# small cockapoo??



## kat (Jun 23, 2012)

hi everyone
just measured bess (the best i could, she wunt stand still and my baby kept grabbing the tape measure) anyways she is ABOUT 11 inch from floor to to top of shoulder (its hard with all the fur in the way!!!) she weighed 3.9kg a week ago, she is 17 weeks tommorow, she seems small for a 4 month old dog to me but then again im unfamiliar with this type of dog (you dont see them often round where i live. has anyone elses pup been this kind of height and weight and what r they now. her mum is a show type cocker spaniel and father a miniture.


----------



## S.Claire (Sep 1, 2011)

I can't remember off the top off my head what Nacho was at 17 weeks but at 6 months (24weeks) he weighed about 6kg (i remember this because this was when he swallowed a golf ball and I remember the vet saying how could a 6kg dog do this?' - IT STUCK IN MY MIND! Nacho is 14 months old now and is 10kg. I don't think he will get any bigger now and has been about this size and weight since 11 months old. He's my perfect little bundle!

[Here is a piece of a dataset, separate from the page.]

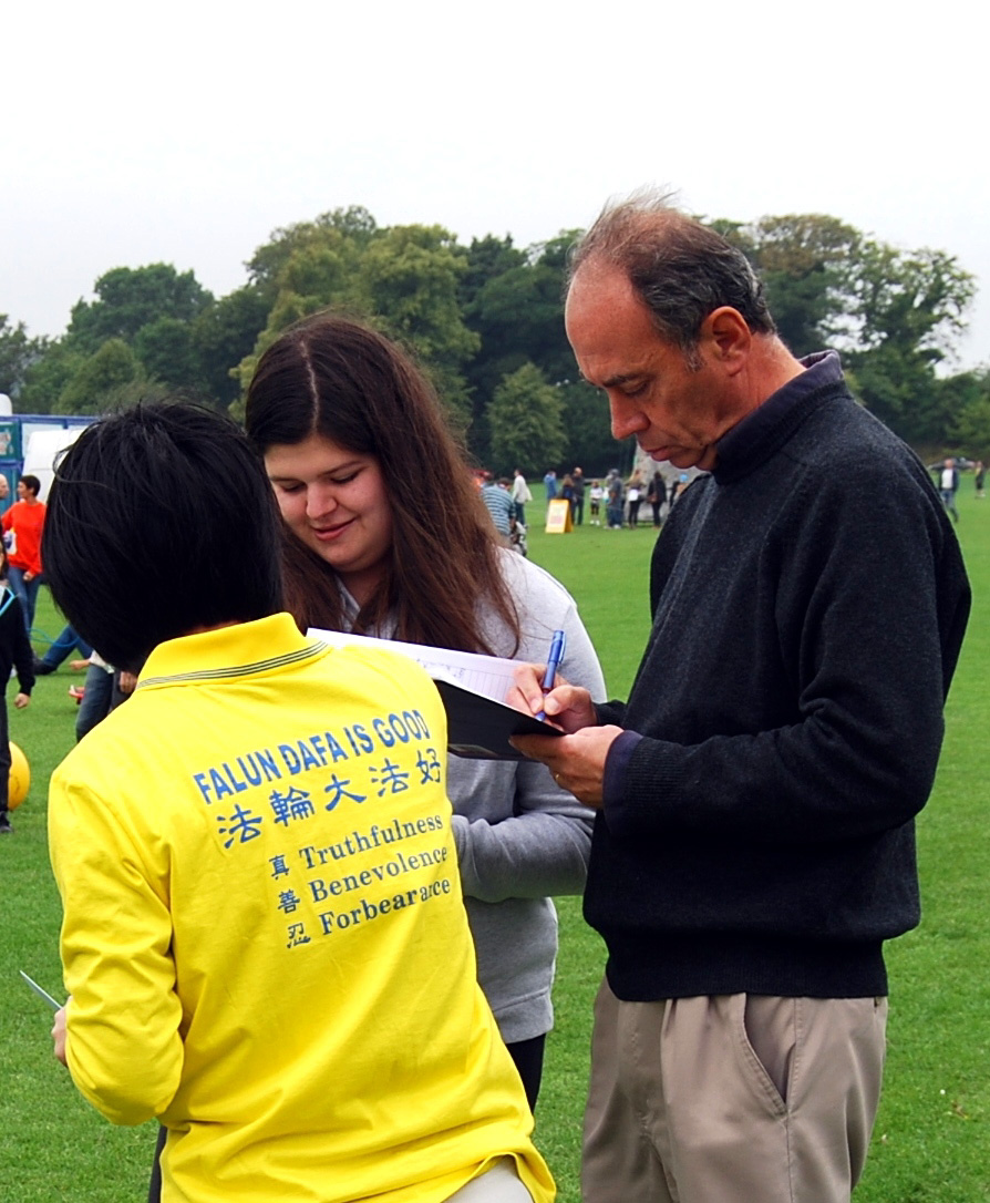 和女儿一起来参加体育节的中年男士弗莱利(Firle)对记者说,法轮功功法给他平静、放松的感觉。他和女儿都在征签表上签了名,谴责中共对法轮功的迫害。弗莱利认为中共迫害、禁止象法轮功这样和平的团体毫无道理。当得知中共活摘法轮功学员人体器官贩卖时,他非常震惊。在和学员交谈之后,他拿了揭露中共活摘器官罪恶的传单,以做进一步了解,并表示将告诉朋友们这一消息。

Nacho's mum is a show cocker and his dad a miniature poodle. I would say he is a bit bigger than his dad now.


----------



## NatalieMoo (Aug 21, 2012)

Hi kate, I have a 3month old cockapoo puppy (cocker spaniel X miniture) and she is 4.50kg but she is quite tall, im also unsure of how much they should weigh at their age. What brand food are you feeding her and how much?


----------



## Janev1000 (Oct 4, 2011)

She doesn't sound unusually small to me. They say as a general rule that a puppy has reached about 60% of its adult height at 4 months, so if that is true, then she would be around 14"-15" full grown which seems to be the average for a cockapoo. Honey is approx 9.5" tall at 11 weeks. x


----------



## BenandGen (Jul 3, 2012)

Buzby is 4 months and a few days old and he weighs 3.8kg and he is only just over 8inches tall so we are really hoping hes going to grow taller. His mum is quite a
Big working cocker and his dad is a minature poodle. we are hoping for a growth spurt?


----------



## kat (Jun 23, 2012)

I feed her hills science plan. Its the only food that agrees with her tummy. I feed her 3 times a day. She just seems small to me thats all but her paws are huge ! I have been looking at photos of others of a simular age and they look lots bigger. Thanks guys for ur replys x


----------



## Skyesdog (Jun 7, 2012)

Hi, Lola is nearly 5 months and about 13" / 6.5 kg but in this last month she has really grown, everyone keeps commenting on it! Her brother is noticeably taller and much heavier when you pick him up (my nephew's pup!) and I think this generally holds true for the boys. There seems to be quite a range of sizes even within show/mini category. I am the opposite of you, I am hoping Lola doesn't grow to be too big!


----------



## loobylou (Nov 20, 2011)

Hi 
Charlie was that weight as well at that age, hes now 9 months and weighs just over 6 kgs and about 13 inches. He is american though so i am expecting him to be smaller.


----------



## benson (Apr 18, 2012)

Benson was well over 7kg at 13 weeks, we met a 4yr old cockapoo at the beach and he towered over her you would have thought that she was the puppy, he is certainly a big lad, at puppy class last night the only puppy bigger than him was a german shepherd pup!!


----------



## wilfiboy (Sep 18, 2010)

http://ilovemycockapoo.com/showthread.php?t=3021&highlight=Measuring

I feel a need for grocery cans to come out again , often without a reference you can't tell in a picture how big someones dog is xx


----------



## Janev1000 (Oct 4, 2011)

wilfiboy said:


> http://ilovemycockapoo.com/showthread.php?t=3021&highlight=Measuring
> 
> I feel a need for grocery cans to come out again , often without a reference you can't tell in a picture how big someones dog is xx


Definitely! I keep planning on getting out the cans for Honey! x


----------



## Kody&Beau (Aug 18, 2012)

That sounds good I'll get the tins out over the weekend and measure Kody seen this done on another forum for adult dogs but will be really good for all of us with our new pups to compare sizes. Just weighed Kody again today and he's now 5kg he is 12 wks & 4 days. X


----------



## Dextersmum (Feb 9, 2012)

Darwin is 17 weeks old tomorrow and he measures about 13 inches to the top of the shoulder. I'm not sure how much he weighs.


----------



## RuthMill (Jun 30, 2012)

My little Lola bear is 5kg at 20 weeks and about 9-10 inches. Long legs.


----------